#### HOW TO COMPLETE THIS TASK
Look through the listing below for the line containing "서울교통공사 서비스도 마찬가지로". Copy it and each line after it up to and including the line containing "หลวงปู่แผ้ว ปวโร รูปเหมือนปั้มพับเพียบ", exactly, leaving out pictures.
--- RECORDS PROVIDED ---
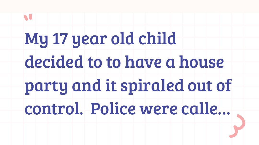 My 17 year old child decided to to have a house party and it spiraled out of control. Police were called because there was a dare that the police would not come if you hung up as soon as 911 answered. Wrong. They came and called me (I was in Oregon with my 2 younger ones visiting). There is so much more to this incident but everything was taken away…car keys, her summer, hanging with her friends, tickets to faith hill/tim McGraw concert, she paid for the carpet cleaner, her cell phone, I tossed her room. What a summer!!! But she accepted her fate, no tantrum.
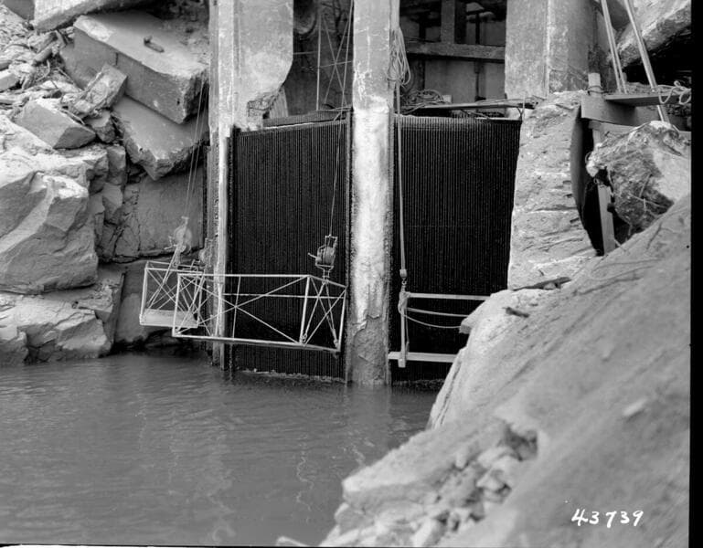Big Creek Powerhouse #3 - Dam 6 - Cleaning rack bars in trash rack [on Tunnel #3 intake].
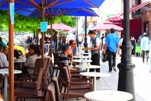 多くの市民やビジネスマン、観光客がカフェでおしゃべりを楽しんだり、ベンチで休んだりしているなど、人が集まる場所です。
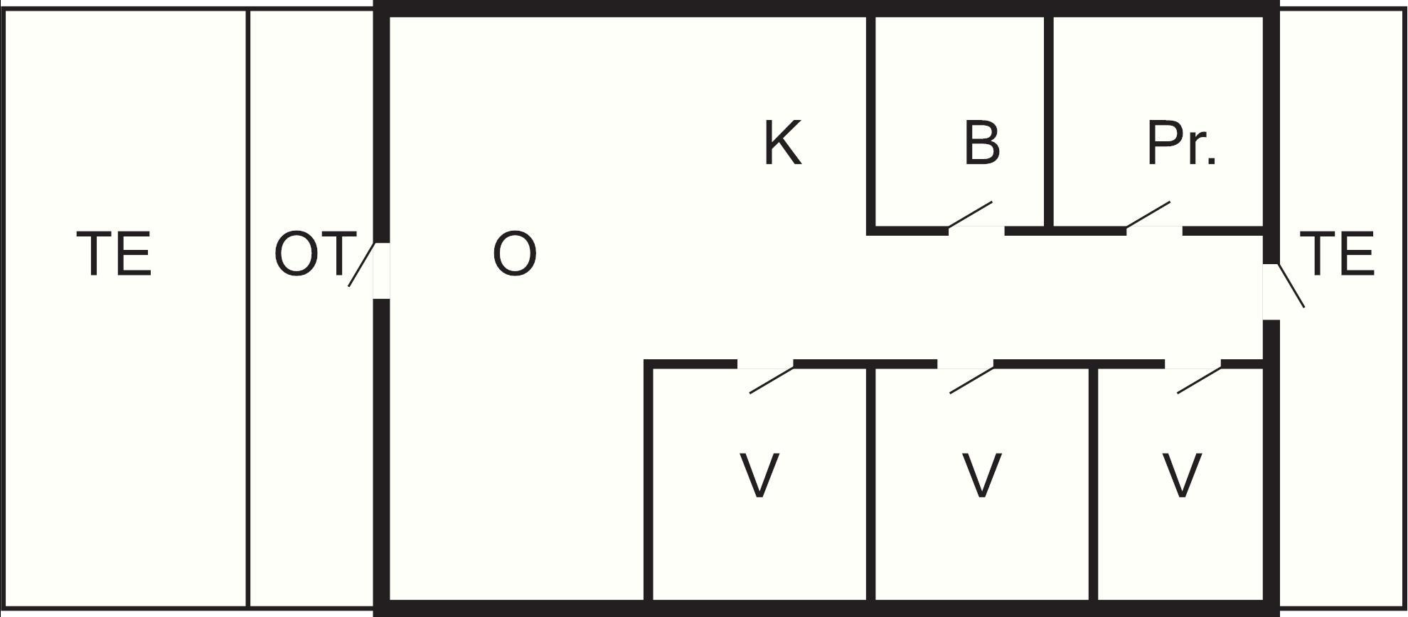 Der er 3 soveværelser, som alle er placeret med adgang fra sommerhusets entre, så det er muligt for børn at trække sig tilbage fra fællesrummet for at slappe af. Det er også fra gangen adgang til et mindre badeværelse med bruseniche.
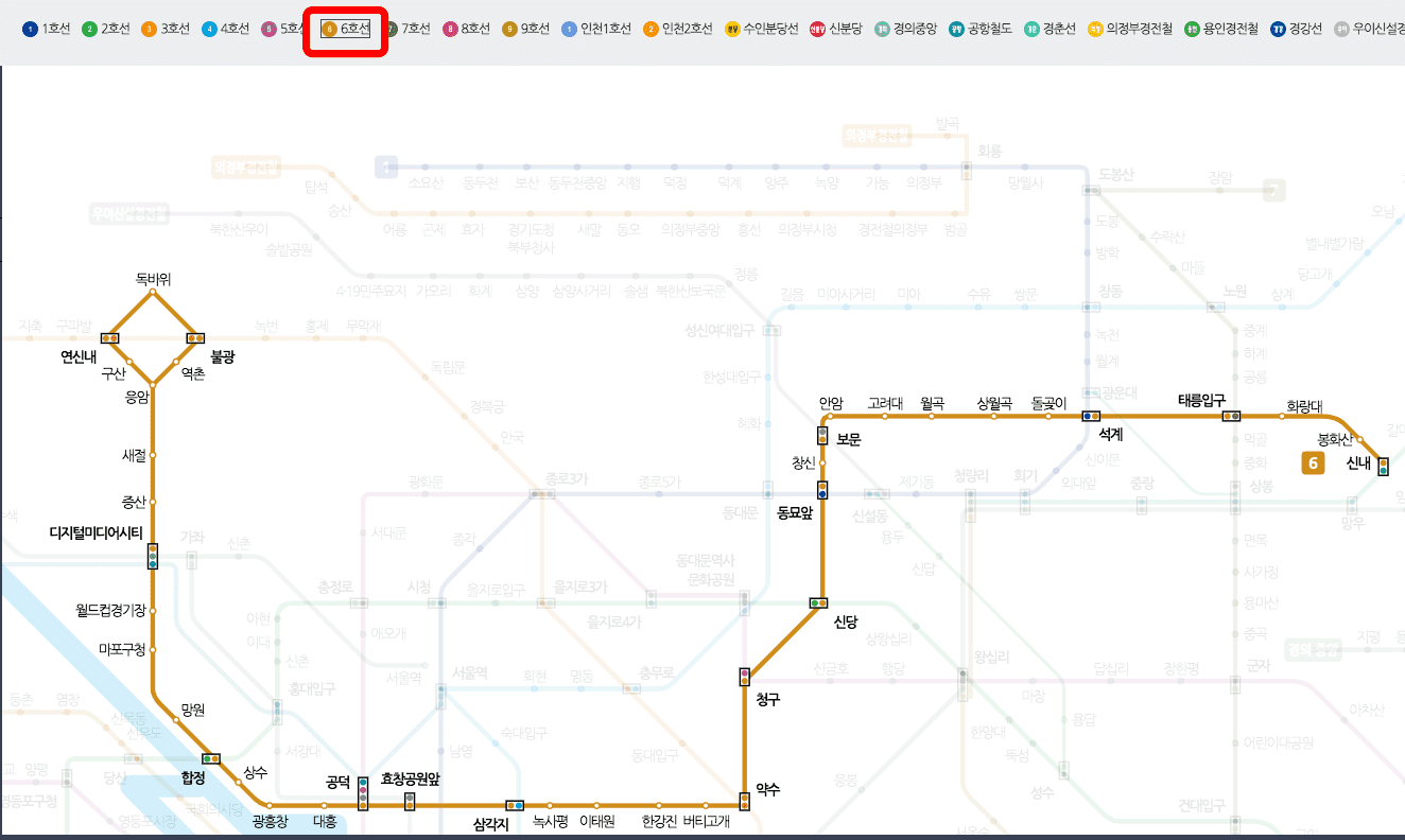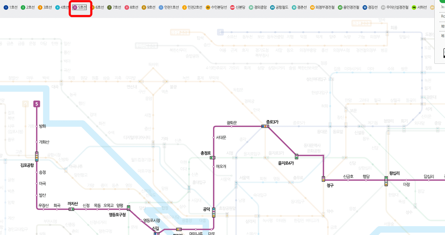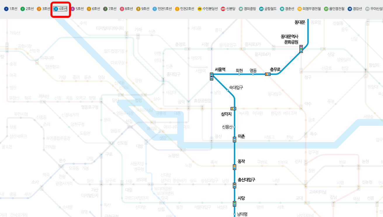 서울교통공사 서비스도 마찬가지로 각 노선을 선택해서 확인할 수 있는 기능을 제공합니다. 지도 상단의 노선을 선택합니다. 4호선, 5호선, 6호선을 확인해 보겠습니다.
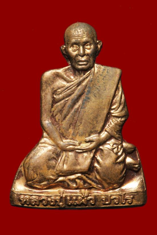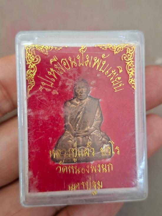 หลวงปู่แผ้ว ปวโร รูปเหมือนปั้มพับเพียบ เนื้อทองแดง ออกวัดหนองพงนก กล่องเดิม |
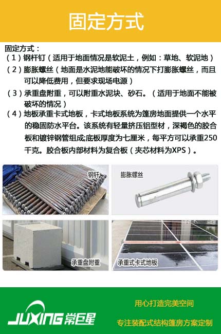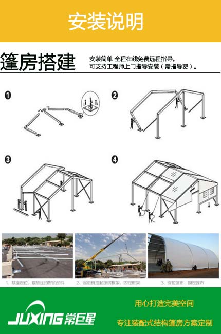 常州巨星裝配式篷房公司是一家篷房研發(fā)、生產(chǎn)、銷售、租賃于一體的綜合性篷房公司。巨星公司秉著誠信經(jīng)營、客戶至上的經(jīng)驗(yàn)理念服務(wù)客戶。常巨星篷房適用于:室外臨時(shí)展廳,餐飲區(qū)、產(chǎn)品促銷、主題研討會(huì)、奠基儀式、戶外活動(dòng)、公司慶典、短期倉庫、婚禮等。“銳意進(jìn)取”的意識(shí)是巨星追趕時(shí)尚潮流的保障。美侖美奐的品質(zhì)、優(yōu)良周到的服務(wù)是我們至誠的追求和不變的信念?,F(xiàn)有篷房主體框架為中空鋁合金結(jié)構(gòu),連接部位為采用國家焊接鋼結(jié)構(gòu),可調(diào)節(jié)式基座可彌補(bǔ)場(chǎng)地的不平,篷房采用PVC篷布,該篷布具有不拉伸的良好性能,不透光,采用高頻焊接技術(shù),篷房抗風(fēng)能力達(dá)到80-100公里/小時(shí)。具有體積小,儲(chǔ)存方便,拆裝靈活快捷易運(yùn)輸?shù)忍攸c(diǎn),單位組合式結(jié)構(gòu),可根據(jù)場(chǎng)地的大小自由增加,對(duì)搭建場(chǎng)地?zé)o特殊要求,一般場(chǎng)地如草地、大理石地、瀝青地面、水泥地均可。篷房內(nèi)無支柱,場(chǎng)地空間得到利用。
---
#### OUTPUT FOR THIS TASK
 서울교통공사 서비스도 마찬가지로 각 노선을 선택해서 확인할 수 있는 기능을 제공합니다. 지도 상단의 노선을 선택합니다. 4호선, 5호선, 6호선을 확인해 보겠습니다.
 หลวงปู่แผ้ว ปวโร รูปเหมือนปั้มพับเพียบ เนื้อทองแดง ออกวัดหนองพงนก กล่องเดิม |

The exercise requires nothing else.